Intraoperative management

Induction techniques for repair of a TEF include the use of inhalation agents with a rapid sequence or awake intubation. The use of N2O, which will add to gastric distention, should be avoided. Care must be taken to avoid intubating the fistula. A tracheal tube with the Murphy eye facing anteriorly should be inserted into the right main bronchus while listening for unilateral breath sounds; the tracheal tube is then pulled back until bilateral breath sounds are heard. Some clinicians prefer to cut the distal end of the tracheal tube, eliminating the Murphy eye. Use of a cuffed tracheal tube to both ventilate and occlude the fistula has been reported. Placement of a Fogarty catheter to identify and occlude the fistula using a pediatric bronchoscope can be attempted.

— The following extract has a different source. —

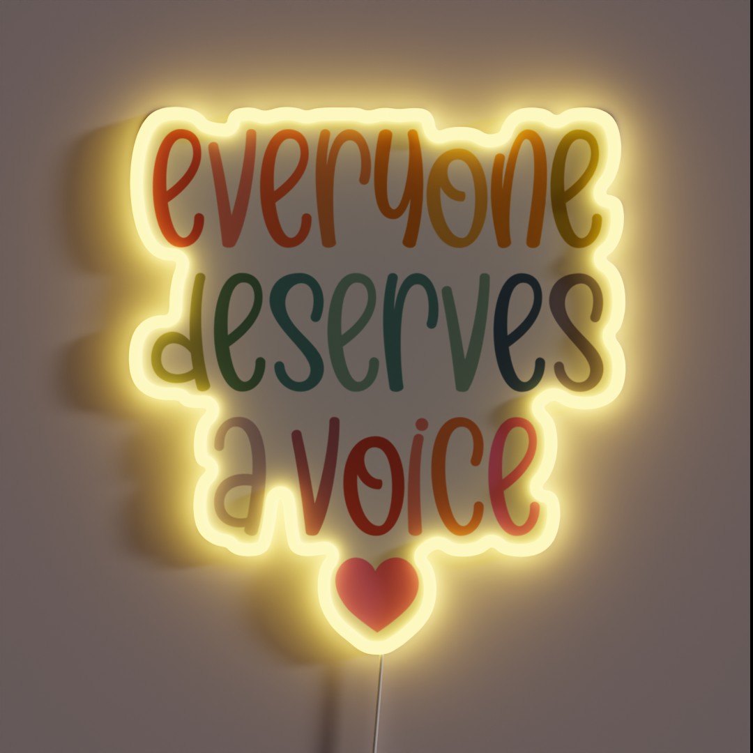 Add a touch of inclusivity and social justice to your space with our ‘Everyone Deserves A Voice’ RGB neon sign, promoting equality and amplifying marginalized voices.

Spontaneous ventilation, to avoid gastric distention until the fistula has been ligated, should be performed, and then controlled ventilation can be used.

Thoracoscopic repair of the fistula will avoid a thoracotomy and its sequelae. Use of a Fogarty catheter placed in the right main bronchus with the aid of a bronchoscope will facilitate one-lung ventilation. An alternative technique is to manipulate the tracheal tube to the left main bronchus with a bronchoscope. Surgical insufflation of CO2 (5-6 mm Hg) into the right hemithorax will cause right lung collapse and possible hypercapnia and hypoxemia. Time to extubation and discharge from the neonatal intensive care unit are decreased with thoracoscopic repair.

A precordial stethoscope should be placed under the dependent lung. Routine intraoperative monitors and an arterial catheter are typically used. Regional anesthesia can be added as an adjuvant.

Omphalocele

Anesthetic management for omphalocele and gastroschisis are essentially the same, but knowledge of the associated anomalies will influence anesthetic decisions. Omphalocele and gastroschisis are congenital defects of the anterior abdominal wall, permitting external herniation of abdominal viscera. Gastroschisis is not midline (usually occurs on the right), has a normally situated umbilical cord (not covered with a hernia sac), and is rarely associated with other congenital anomalies but is associated with an increased incidence of prematurity.

Omphalocele has a 75% incidence of other congenital defects, including cardiac anomalies (ventricular septal defects most common), trisomy 21, and Beckwith-Wiedemann syndrome (omphalocele, organomegaly, macroglossia, and hypoglycemia). Epigastric omphaloceles are associated with cardiac and lung anomalies. Hypogastric omphaloceles are associated with exstrophy of the bladder and other genitourinary anomalies.